Es ging mir jetzt um die Städte, die global von Bedeutung sind, also auch international relevant. Das Deutschland nicht nur aus diesen Städten besteht ist klar. Nur wie willst du das ins Spiel bringen. Einfach die Möglichkeit mehr Städte zu gründen wäre zwar ne Möglichkeit, aber wie soll "entschieden" werden, welche Städte riesig und von großer Bedeutung werden und welche "nur" von geringerer, nationaler Bedeutung sind?

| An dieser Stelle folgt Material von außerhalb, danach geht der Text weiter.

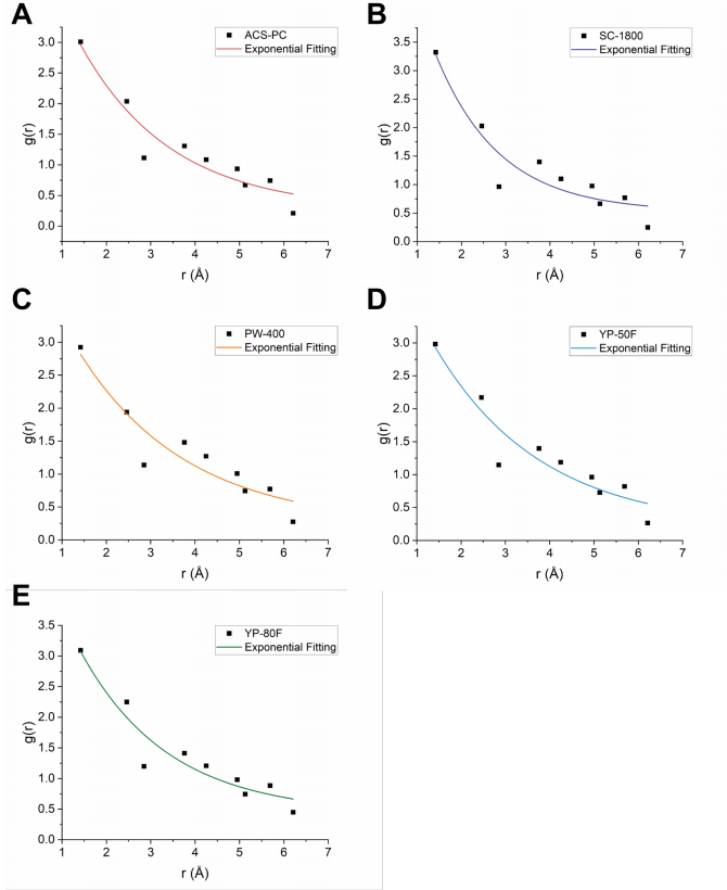 (A)-(E) 分別展示了五種碳材料((A) ACS-PC(紅色曲線)、(B) SC-1800(紫色曲線)、(C) PW-400(橙色曲線)、(D) YP-50F(藍(lán)色曲線)、(E) YP-80F(綠色曲線))的指數(shù)擬合結(jié)果:
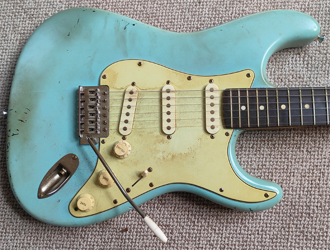 これはすごいなあ。ピックガードはもともとどういうレリック具合だったのかわからないけど、ソニックブルーの塗装がこんなにイッちゃうなんて、相当弾き込んだということですよね。もともとボディはどんなカラーだったのでしょう。サンバーストかな。確かにそのままオーバーフィニッシュしてしまっているビンテージ個体も多いですから、いくつもの層が剥がれてレイヤーになると超カッコいいよなあ。何気に22フレットだったり、ちょいと廉価なブリッジだったりする点は御愛嬌だけど、めちゃいい音する雰囲気が醸し出ています。(BARKS 烏丸哲也)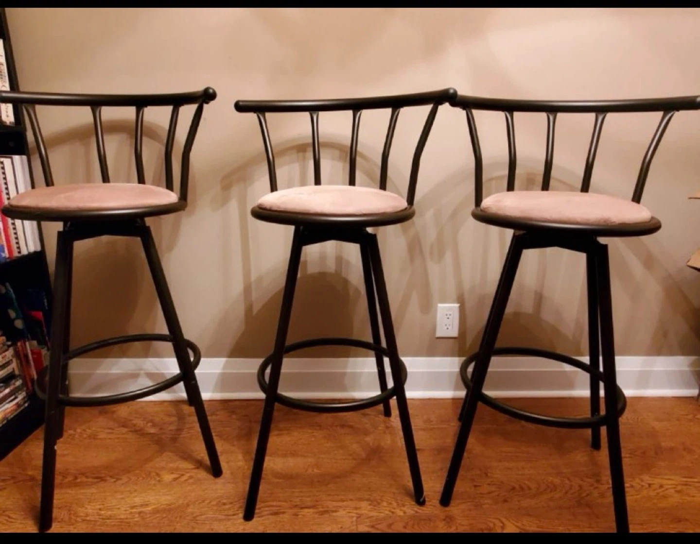 Three adjustable swivel bar stools with black metal frames and light pink upholstered seats. These stools offer a comfortable and stylish seating option for your kitchen counter or bar area. They're great for entertaining or everyday use! Able to rotate.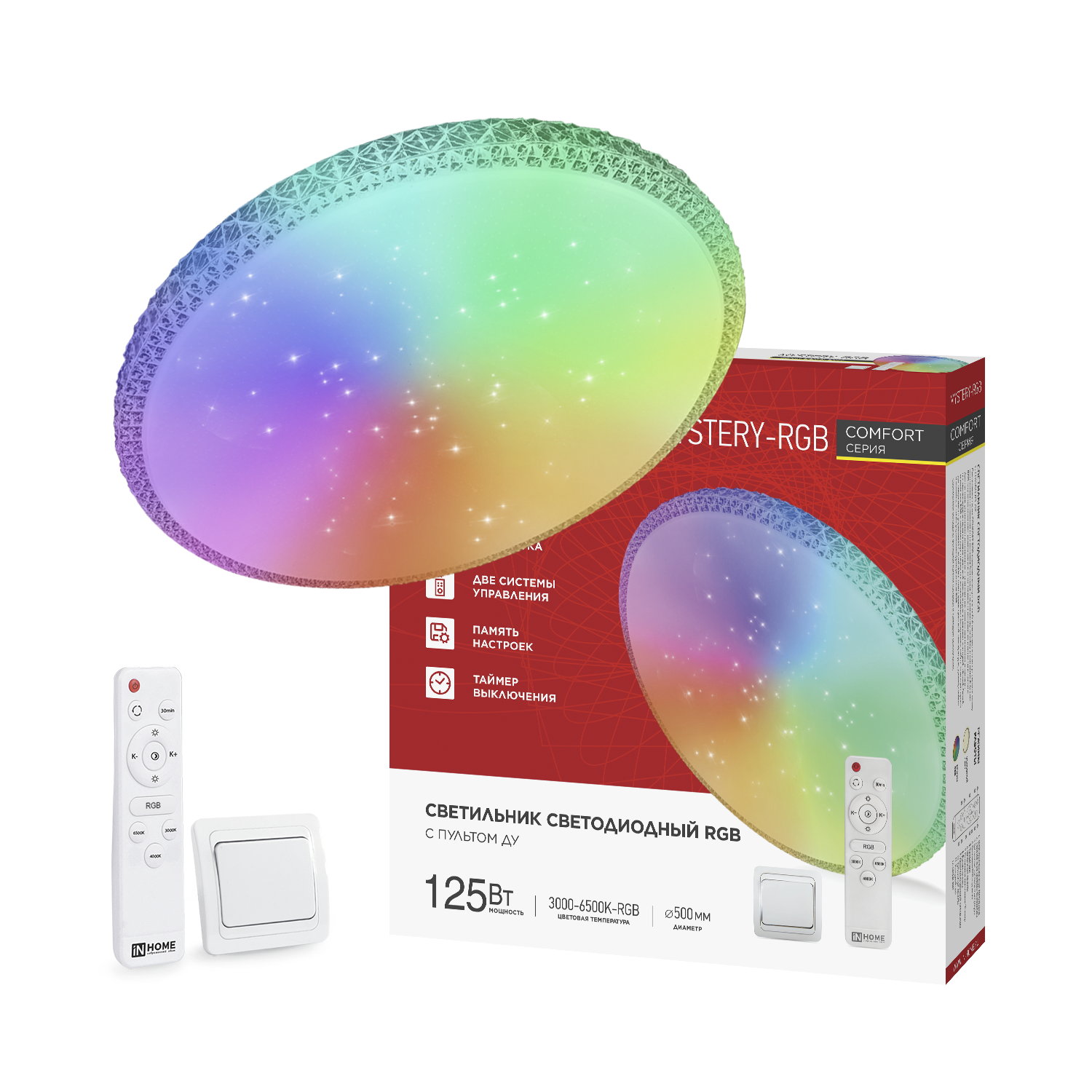 Светильник светодиодный COMFORT MYSTERY-RGB 125Вт 230В 3000-6500K 10000Лм 500x80мм с пультом ДУ IN HOME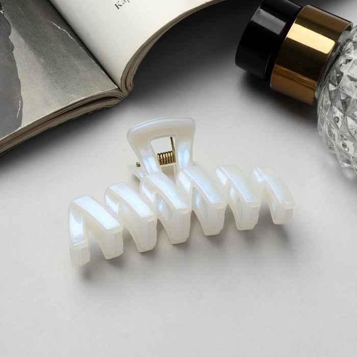 Крабик для волос «Жемчужный», зиг-заг, 7 см, белый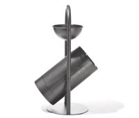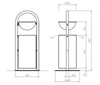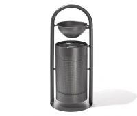 Trägerelement ist ein halbkreisförmiges Rundrohr. Der Abfallbehälterkorb besteht aus Lochblech mit Rundlochung.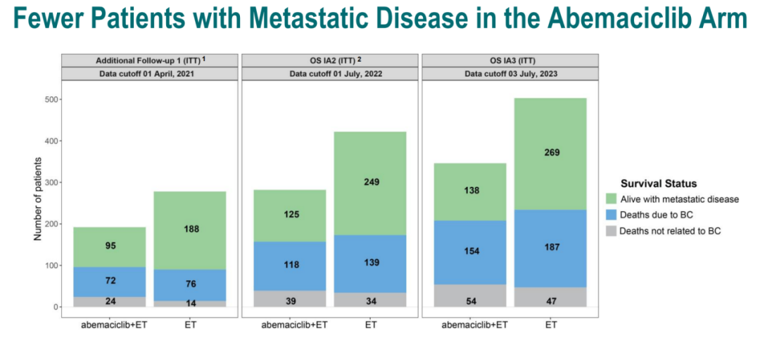数据显示,阿贝西利2年的辅助治疗可显著降低转移的风险。单纯内分泌治疗组中发生转移且存活的患者数量是阿贝西利联合内分泌治疗组的近两倍(n=269 vs.138),提示阿贝西利为HR+,HER2-高复发风险早期乳腺癌患者实现临床治愈提供了更多的可能性。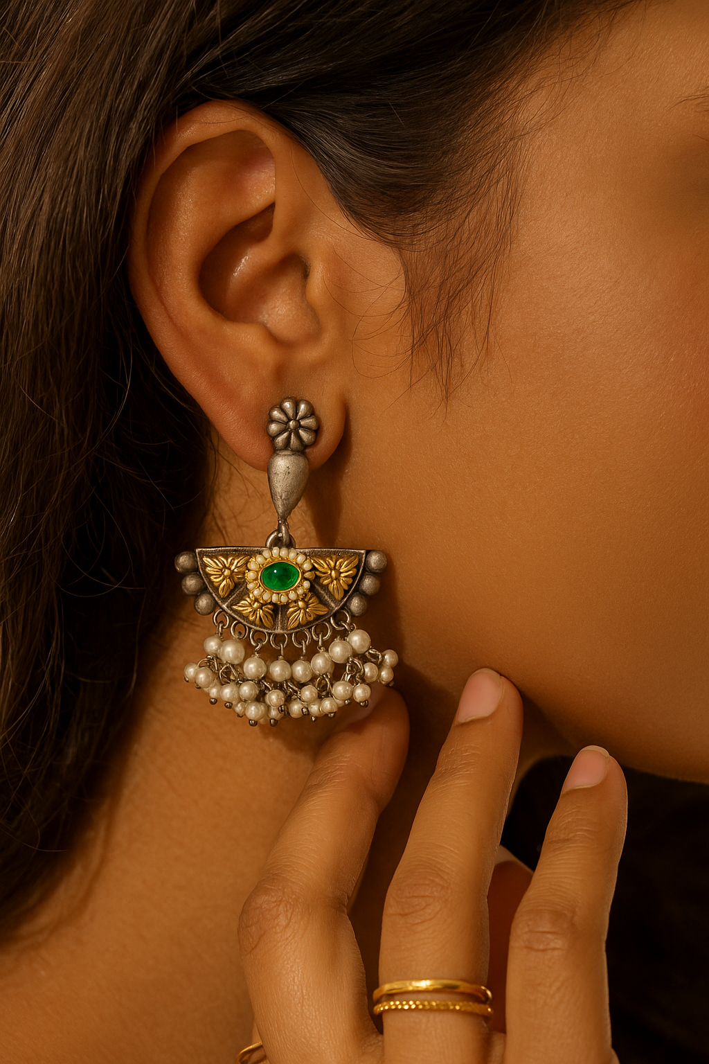 Intricately designed with oxidized silver, golden floral motifs, and delicate pearl clusters, Mehira captures the essence of vintage elegance.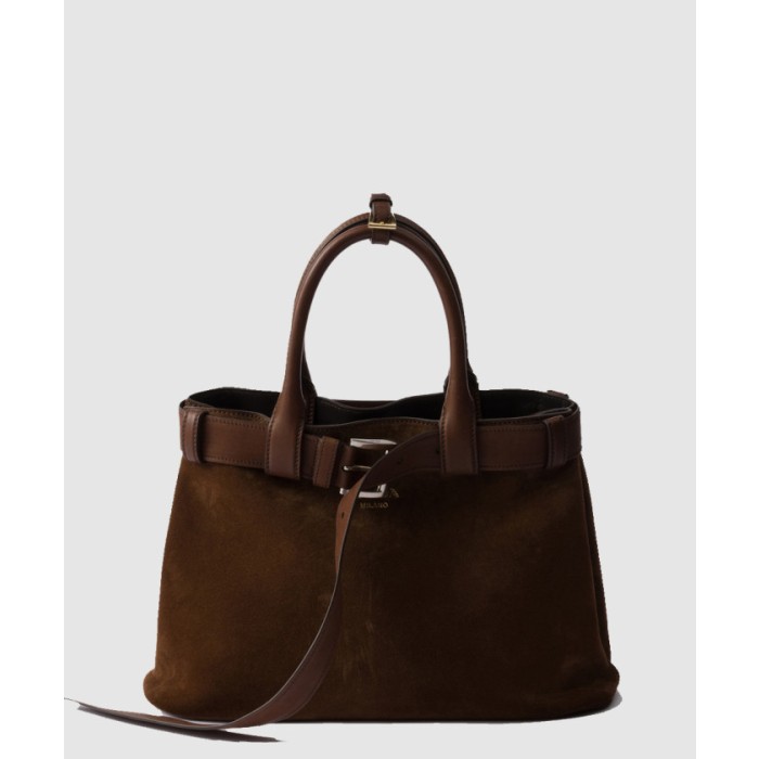 • [PRADA-프라다]버클 미디엄 스웨이드 핸드백 1BA434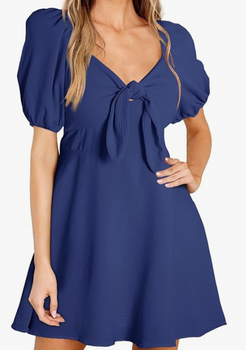 Snag 50% off puff sleeve tie front dresses, plus clip an extra 10% off! 🌟 You can still wear a bra with this—the opening is super small, and the tie is just an added cute detail! Available in sizes S-XL. #ad
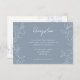 This dusty blue minimal leaf wedding reception enclosure card design perfectly embodies a modern romantic aesthetic. Featuring a classic blend of dusty blue background with minimal white leaf patterns gracefully complemented by a simple calligraphy script paired with an understated serif font. The result is a perfectly polished feel for your wedding, ensuring every detail reflects the elegance of your love story. Explore our curated selection of coordinating invitations, save-the-dates, enclosure cards, as well as ceremony and reception decor in the Dusty Blue Minimal Leaf Wedding Collection. The collection provides effortless options for presenting a truly beautiful and memorable marriage celebration. Whether your event graces the spring, summer, fall, or winter, the timeless vintage feel of these designs promises a charming and enchanted way to honour your unique journey together. We hope you fall in love with this collection as much as we have. For any questions or special requests for our designs, please do not hesitate to reach out. We are delighted to help in any way possible.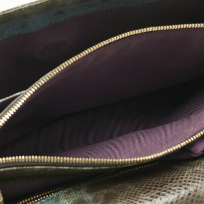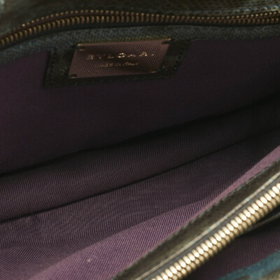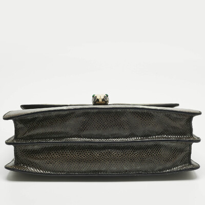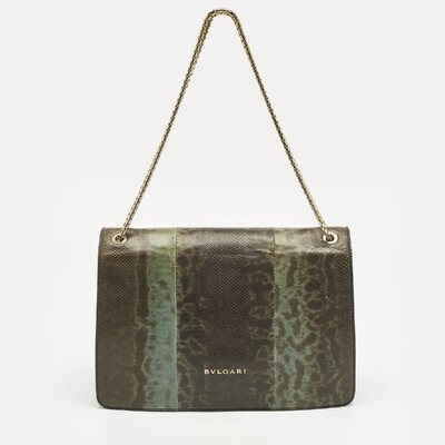 Bvlgari’s Serpenti Forever shoulder bag takes form in green and black karung leather, its surface rich with natural texture. At the flap, the clasp becomes both closure and ornament, a signature detail of the house. Carried by the chain strap, it moves easily from day into evening.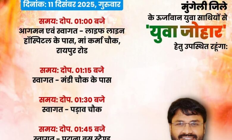 जिला मुंगेली के ऊर्जावान युवा साथियों से “युवा जोहार” हेतु भाजयुमो के प्रदेश अध्यक्ष राहुल योगराज ठिकरिहा जी कल दिनांक: 11दिसंबर 2025, गुरुवार , समय दोप. 01:00 बजे आगमन एवं जिनका स्वागत – लाइफ लाइन हॉस्पिटल के पास, मां कर्मा चौक, रायपुर रोड ,समयः दोप. 01:15 बजे स्वागत- मंडी चौक के पास, समयः दोप. 01:30 बजे स्वागत – पड़ाव चौक के पास, समयः दोप. 01:45 बजे स्वागत – पुराना बस स्टैण्ड के पास, समयः दोप. 02:00 बजे स्वागत कार्यक्रम एवं उद्बोधन – भाजपा कायर्यालय, अटल परिसर, मुंगेली में उपस्थित रहेंगे।
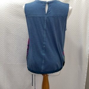 Features dark floral colors of purple, blue and gold, round neck, lace, sleeveless Top. This top has a side tie with a keyhole button closure on the back.

Wie sich eine Stadt entwickelt, hängt ja vor allem davon ab, wo sie steht, also welche Felder sie bearbeiten kann. Es wäre aber nun mal nicht genug Platz auf der Karte, um selbst, überm Daumen gepeilt, 15 Städte(5 "wichtige" und 10 "unwichtige") zu gründen. Also müsste man entweder das jetzige Stadtkonzept und damit wohl DAS Kernkonzept von Civ stark verändern oder die Maps auf eine gewaltige Größe anschwellen lassen. Darf man dann noch unlimitiert Städte erobern, also gliedert man sagen wir mal 2 Civs mit ebenso vielen Städten ein, möchte ich gar nicht wissen, was das für ein abnormales MM das mit sich bringen würde.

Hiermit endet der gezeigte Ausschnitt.